Boom. Notice the muscularity of the process: forbidden and suppressed by power. To be Woke means to have the punitive power to suppress and forbid.
The other day I heard Dave Rubin compare it to a vast circle of wokery, with each person holding a gun to the head of the person next to him. This explains how they can adjust their thinking muscles in an instant (Just Like That, as the meme teaches us). Look at Joe Biden: now that he's in the circle, he will say whatever he has to in order to prevent the guy next to him from putting a bullet into his head, even if it means disavowing everything he's ever thought, said, or done.

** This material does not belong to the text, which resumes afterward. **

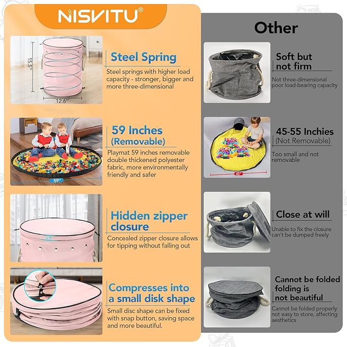 - Plenty of Space:Our kids toy organizer measures 15.5 inches tall and 12.6 inches in diameter, comes with a roomy 59-inch diameter play mat, has fenced edges to prevent toys from scattering, and can hold up to 11 gallons of toys. When the foldable storage box is not in use, the entire storage basket can be compressed into a small round cake that can be fixed with snap buttons. It is small and easy to store,hidden zipper is more beautiful.

Since we've discussed fake muscular thinking, what about the real kind? The first thing to understand is that their are degrees of thinking, with ideology at one end, philosophy at the other; the former always has an explicit content, while the latter is an asymptotic process that can never fully grasp its object, only love it from afar. Which is why it is called philo-sophy and not possessophy.
The philosopher
who wants to know what all that is [is] fundamentally about, what "reality" "really" means -- or who seeks this kind of knowledge does not start out with a definitely formulated question in the way a scientist does.Precisely this attitude of wordless listening [(---) and (o), respectively] enables him, on the one hand, to see all information from every branch of knowledge as a contribution to the answer he is really looking for; on the other hand, it disposes him not to be satisfied with any of these items of information but to remain open to the ultimate "wisdom," aspiring to which is central to the concept of philo-sophia (Pieper).
Now, philosophy can never be "practical" because it can never be "muscular." It can never force, only show. It can be detached from neither love nor freedom, because its essence is the free exercise of a loving relationship to wisdom hersoph. If philosophy becomes "for" something other than its own sake, then it is no longer philosophy.
The bottom line is that we have too many useful idiots running around, when we need more useless ones. Any imbecile can see there are problems, but it takes real wisdom to ignore them.
Only a discerning encounter with the mystery -- which consists in the fact that something is -- only this experience gives us the awareness that the light which makes things "positively" knowable, is simply unfathomable and inexhaustible and thus, at the same time, makes things incomprehensible.
It is true that the world is intelligible and that the mind may attain knowledge of it. However, the deeper truth is that we can never know it completely, for this would reduce to a closed ideology and therefore hypertrophic muscleheadedness.